Task brief: Write out every line exactly, from the first line of the records below through the line that contains "- Tuz, greyfurt".

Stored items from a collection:
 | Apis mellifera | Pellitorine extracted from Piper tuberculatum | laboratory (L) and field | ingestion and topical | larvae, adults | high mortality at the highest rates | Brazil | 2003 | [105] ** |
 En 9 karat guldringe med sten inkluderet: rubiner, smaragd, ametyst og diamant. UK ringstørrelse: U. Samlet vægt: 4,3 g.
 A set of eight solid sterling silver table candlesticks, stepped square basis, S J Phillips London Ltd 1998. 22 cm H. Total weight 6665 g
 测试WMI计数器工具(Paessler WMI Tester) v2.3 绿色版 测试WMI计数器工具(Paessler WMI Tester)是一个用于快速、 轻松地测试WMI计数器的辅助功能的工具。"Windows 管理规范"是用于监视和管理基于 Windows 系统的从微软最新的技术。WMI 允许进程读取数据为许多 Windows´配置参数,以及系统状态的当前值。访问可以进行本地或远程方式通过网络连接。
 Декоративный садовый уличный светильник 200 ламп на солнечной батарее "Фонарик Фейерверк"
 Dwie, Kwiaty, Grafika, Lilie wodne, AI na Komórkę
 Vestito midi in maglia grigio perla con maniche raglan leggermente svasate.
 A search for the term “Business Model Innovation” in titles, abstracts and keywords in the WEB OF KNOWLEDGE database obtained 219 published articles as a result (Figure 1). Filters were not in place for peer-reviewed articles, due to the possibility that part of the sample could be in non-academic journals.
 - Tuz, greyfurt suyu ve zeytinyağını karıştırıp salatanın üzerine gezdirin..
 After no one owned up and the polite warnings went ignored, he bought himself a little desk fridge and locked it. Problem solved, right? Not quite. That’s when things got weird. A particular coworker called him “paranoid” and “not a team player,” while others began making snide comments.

Result for this exercise:
 | Apis mellifera | Pellitorine extracted from Piper tuberculatum | laboratory (L) and field | ingestion and topical | larvae, adults | high mortality at the highest rates | Brazil | 2003 | [105] ** |
 En 9 karat guldringe med sten inkluderet: rubiner, smaragd, ametyst og diamant. UK ringstørrelse: U. Samlet vægt: 4,3 g.
 A set of eight solid sterling silver table candlesticks, stepped square basis, S J Phillips London Ltd 1998. 22 cm H. Total weight 6665 g
 测试WMI计数器工具(Paessler WMI Tester) v2.3 绿色版 测试WMI计数器工具(Paessler WMI Tester)是一个用于快速、 轻松地测试WMI计数器的辅助功能的工具。"Windows 管理规范"是用于监视和管理基于 Windows 系统的从微软最新的技术。WMI 允许进程读取数据为许多 Windows´配置参数,以及系统状态的当前值。访问可以进行本地或远程方式通过网络连接。
 Декоративный садовый уличный светильник 200 ламп на солнечной батарее "Фонарик Фейерверк"
 Dwie, Kwiaty, Grafika, Lilie wodne, AI na Komórkę
 Vestito midi in maglia grigio perla con maniche raglan leggermente svasate.
 A search for the term “Business Model Innovation” in titles, abstracts and keywords in the WEB OF KNOWLEDGE database obtained 219 published articles as a result (Figure 1). Filters were not in place for peer-reviewed articles, due to the possibility that part of the sample could be in non-academic journals.
 - Tuz, greyfurt suyu ve zeytinyağını karıştırıp salatanın üzerine gezdirin..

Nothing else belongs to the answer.